# Amps



## douglas598 (Apr 7, 2005)

I'm new to this car audio thing and I'm confused about the amp setup. I haven't purchased any components yet, because I need to be educated first. I thought that I would get a Sony haed unit and a 4 channel amp to drive front and rear speakers and a 2 channel amp to drive a sub or 2. My confusion is this, my front speaker to go in the factroy holes will be 4". All the 4" speakers I've looked at arn't rated as high as the rear speakers. How can I connect 100watt RMS front speakers and 500watt RMS rear speakers to an amp with 500watt RMS output?
I'm installing whatever I come up with in a 1992 Isuzu and I not looking for punch bass, just clean powerfull sound.
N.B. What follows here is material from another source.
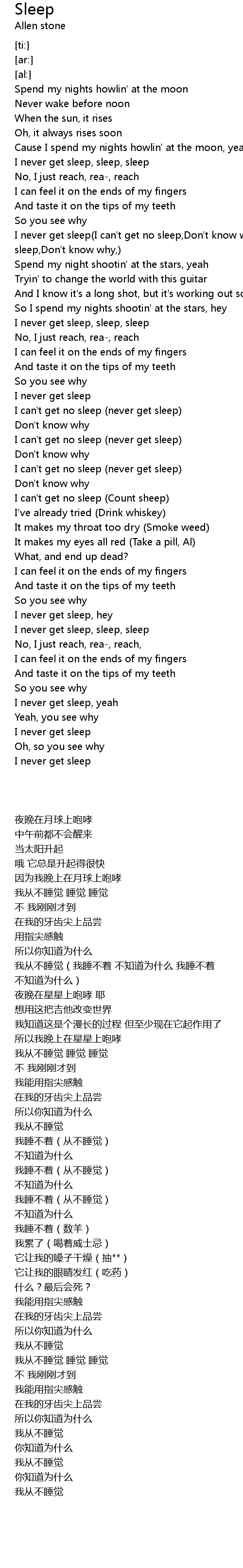 I never get sleep(I can't get no sleep,Don't know why,I can't get no sleep,Don't know why,) |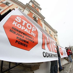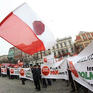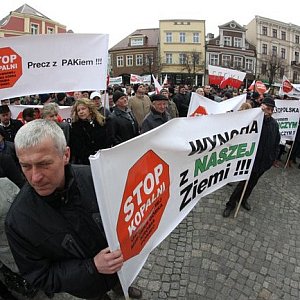 Rolnicy z całego regionu protestowali w czwartek na rynku w Lesznie przeciw kopalni węgla brunatnego, która ma powstać w okolicach Krobi i Miejskiej Górki.

Thanx for any help in advance,
douglas598


----------



## yustr (Sep 27, 2004)

The wattage rating of a speaker is meaningless. Your setup sounds fine. A 4-channel amp will provide power to your F R/L and R R/L based on how you've balanced the system and the demands of the music. You'll need to pay attention to the "efficiency" rating of the speakers - usually given in decibels (typically around 90 dB) What this means is that given a 1 Watt input the speaker makes 90 dB when measured 1 meter away. If the fronts and rears are very different - more than 6 dB in the ratings - balancing them might require some work or an equalizer in the system.

Hope this helps.


----------



## douglas598 (Apr 7, 2005)

Yes, this helps alot. I was afriad an amp with a higher output than the speaker rating would blow the speakers. 
Thanx now I can move on to purchasing parts. thanx for your speedy answer, I've been searching Google forever!

douglas598


----------